Он созвал общее собрание и несколько часов подряд просил, требовал, чтобы виновник сам признался. Взамен Исак Брисыч обещал полное прощение.
Все молчали. Сначала он обходил меня взглядом, видимо борясь с собой. Было даже неестественно, что он смотрит на всех, за исключением меня, расхаживая перед нами в сапогах, пронзительно скрипящих среди общей тишины. Я почувствовал, что он смотрит на меня, даже не глядя.

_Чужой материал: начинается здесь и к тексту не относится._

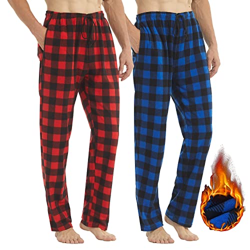 LANBAOSI Mens Pjs Bottoms Fleece 2 Pack Checked Fluffy Lounge Pants Plaid Pyjamas Long Thermal Sleep Nightwear Trousers with Pockets Red/Blue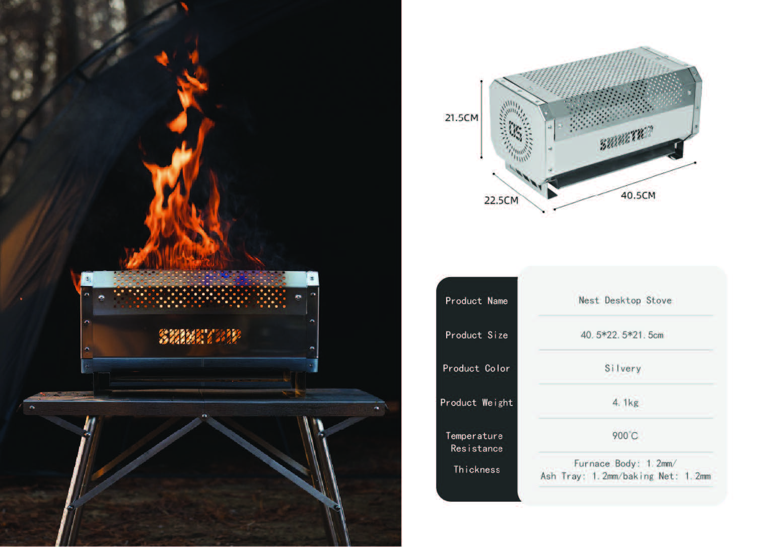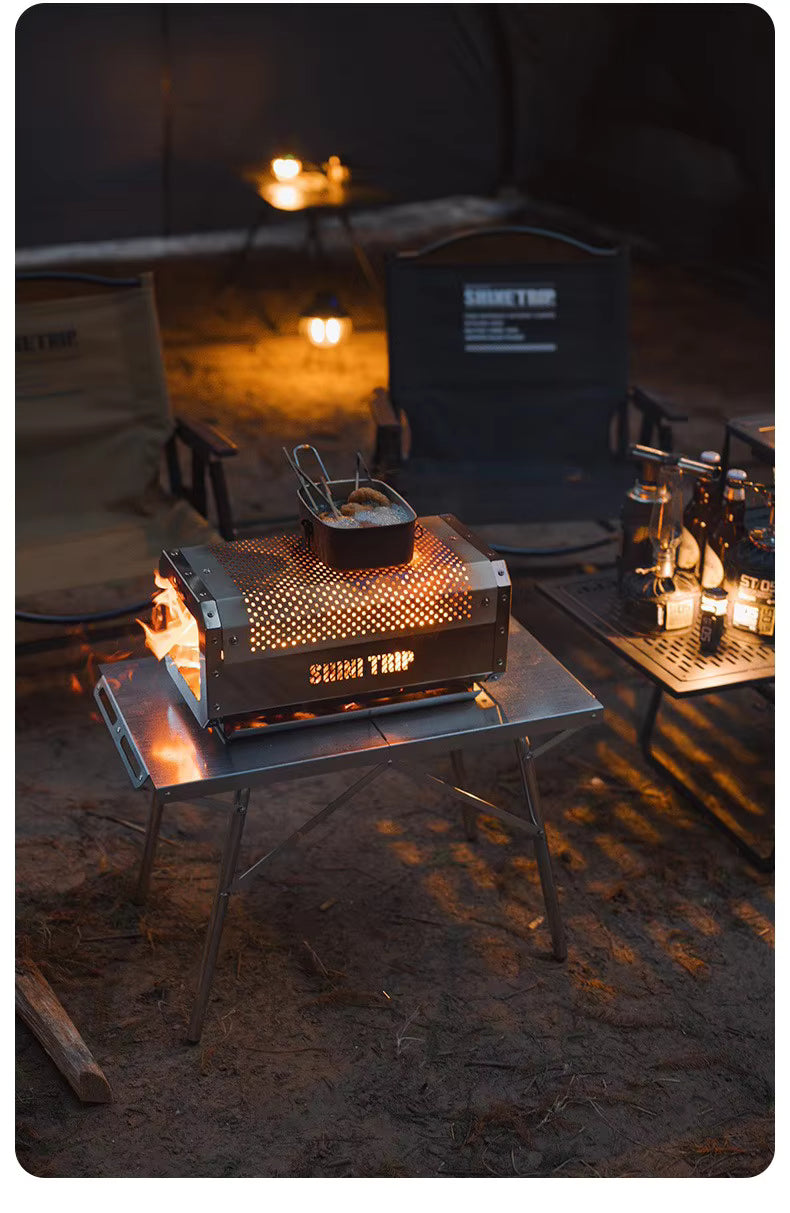 セットの卓上ストーブは耐熱温度900℃対応のステンレス構造で、焚き火台の代替や、風がある環境でも安定した熱源を確保したい場面で活躍します。テーブルと組み合わせることで「調理する場所」と「置く場所」を同時に整えられ、サイト内の動線が一気に良くなります。

– Я не хочу, чтобы вы доносили на ваших товарищей, – говорил он. – Я презираю стукачей. Доносительство – это трусость. Я прошу у того, кто это сделал, честности перед собой и другими. Если вы будете молчать, я сам сейчас назову предполагаемого виновника. Но ведь я же могу ошибиться, и молчание настоящего виновника будет равносильно ложному доносу на товарища. Ну, наберитесь наконец мужества!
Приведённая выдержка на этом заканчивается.